11. The data services capabilities in Informatica 9 , both over sql and web services ,can be used for real time dash boarding.

12. Informatica data quality provides worldwide address validation support with integrated geo coding.

13. The ability to define rules and view and run profiles is available in both the Informatica developer (Thick client) and Informatica analyst (browser based tool-Thin client).these tools sit on a unified metadata infrastructure. Both tools incorporate security features like authentication and authorization ensuring..

14. The developer tool is now eclipse based and supports both data integration and data quality for enhanced productivity. It provides browser based tool for analysts to support the types of tasks they engage in, such as profiling data, specifying and validating rules & monitoring data quality.

15. There will a velocity methodology. Soon it’s going to introduce on I9.

16. Informatica has the capability to pull data from IMS, DB2 on series and series and from other several other legacy systems (Mainframe) environment like VSAM, Datacom, and IDMS etc.

17. There are separate tools available for different roles. The Mapping architect for Vision tool is designed for architects and developers to create templates for common data integration patterns saving developer’s tremendous amount of time.

18. Informatica 9 does not include ESB infrastructure.

19. Informatica supports open interfaces such as web services and can integrate with other tools that support these as well including BPM tool.
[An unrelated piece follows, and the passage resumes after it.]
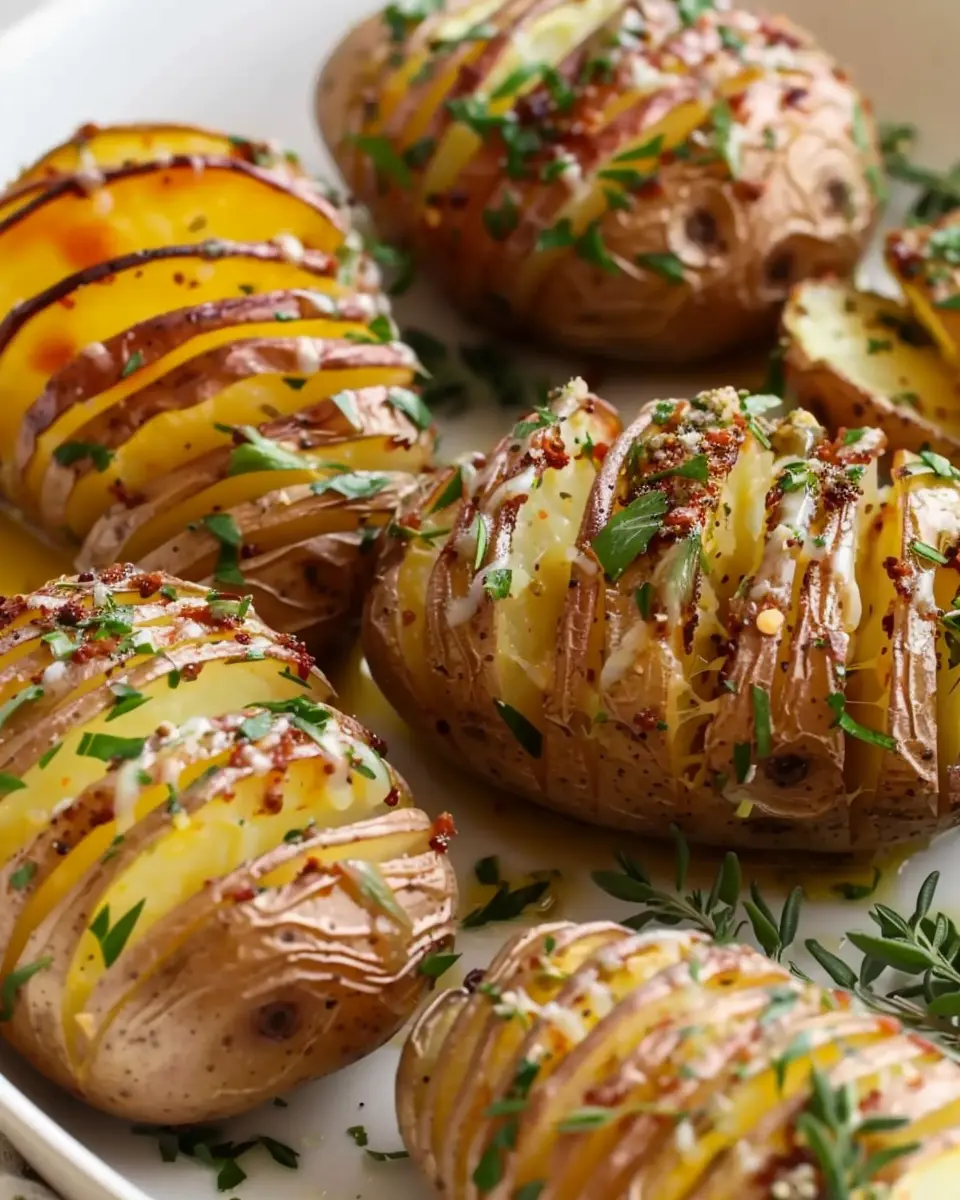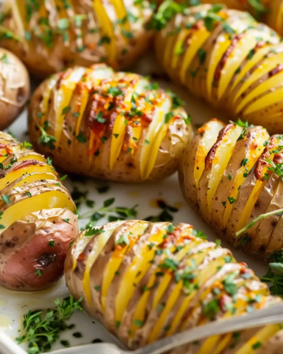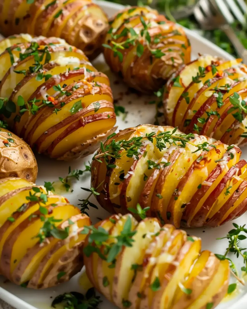 Remember, the beauty of Hasselback potatoes lies in their versatility. Feel free to experiment with different toppings or seasonings based on your preferences! Enjoy your crispy, herby masterpiece.

20. Informatica 9 complements existing BI architectures by providing immediate access to data through data virtualization, which can supplement the data in existing data warehouse and operational data store.

21. Informatica 9 supports profiling of Mainframe data. Leveraging the Informatica platform’s connectivity to Mainframe sources.

22. Informatica 9 will continue support feature of running the same workflow simultaneously.

23. Eclipse based environment is build for developers.

24. Browser based tool is a fully functional interface for business analysts.

25. Dashboards are designed for business executives.

26. There are 3 interfaces through which these capabilities can be accessed. Analyst tool is a browsed tool for analyst and stewards. Developers can use the eclipse based developer tool. Line of business managers can view data quality scorecards.